Alguna noche me dormí esperando una llamada que no llegó. Pero siempre hubo una razón factible: cena de trabajo que se alarga inesperadamente; sesión golfa en un cine de versión original; visita a su hermana y su sobrino; etc. Al fin y al cabo, tampoco era imprescindible hablar todos los días, y yo mismo le había insistido en no condicionar su vida a esa llamada diaria. Claro que cuando esto ocurría yo me acordaba de mi comprensiva actitud y de todos mis muertos, y de los suyos de paso por negarse a tener un puto teléfono móvil.

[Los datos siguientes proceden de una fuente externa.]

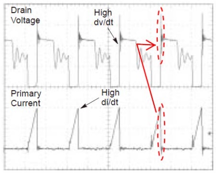 트랜지스터(스위칭 소자)를 on/off 하는 것(switching)은 고주파 노이즈를 유발한다. 트랜지스터가 off 되는 타이밍에, 높은 di/dt는 voltage spike(과도전류)와 ringing(울림)을 유발한다(그림 4). 트랜지스터의 drain과 source 사이의 전압(VDS)은 높은 dv/dt 특성을 갖고 있으므로, switching시에 발생되는 노이즈는 매우 큰 노이즈이다.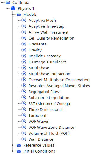 此模拟使用流体体积 (VOF) 模型对同一连续体中的空气和水建模。由于流体处于不同的相中,因此激活欧拉多相模型,并使用重力模型以顾及重力对水、空气和船体的影响。由于波传播和流体与船体的相互作用,流动为湍流。要在求解器运行时以迭代方式细化网格,则包含“自适应网格细化”和“自适应时间步”模型。

Enric era un hombre silencioso y sutil. Tomé conciencia de ello durante estas charlas telefónicas, pero reflexionando sobre este descubrimiento me di cuenta de que su domino del silencio era una seña de identidad también en el cara a cara. Al teléfono era capaz de permanecer en silencio durante lo que a mí, como interlocutor, me parecían eternidades aunque en realidad fuesen apenas unos segundos. Lo que en un primer momento consideré una dificultad de comunicación, esos vacíos en la conversación, fueron poco a poco adquiriendo el rango de virtud. Porque eran silencios llenos de significado, pausas voluntarias cuya función era a veces darme tiempo para pensar, o dárselo él mismo, y otras veces servían para enfatizar lo dicho justamente antes, como un sello oficial estampado al final de un documento. Y si al principio me sentía incómodo por considerar el silencio como una incitación a intervenir, casi una obligación de llenar esos huecos, poco a poco le perdí el miedo y aprendí a disfrutar de él como un recurso más de nuestras conversaciones, una rareza que daba a nuestras charlas una inaudita pátina de profundidad.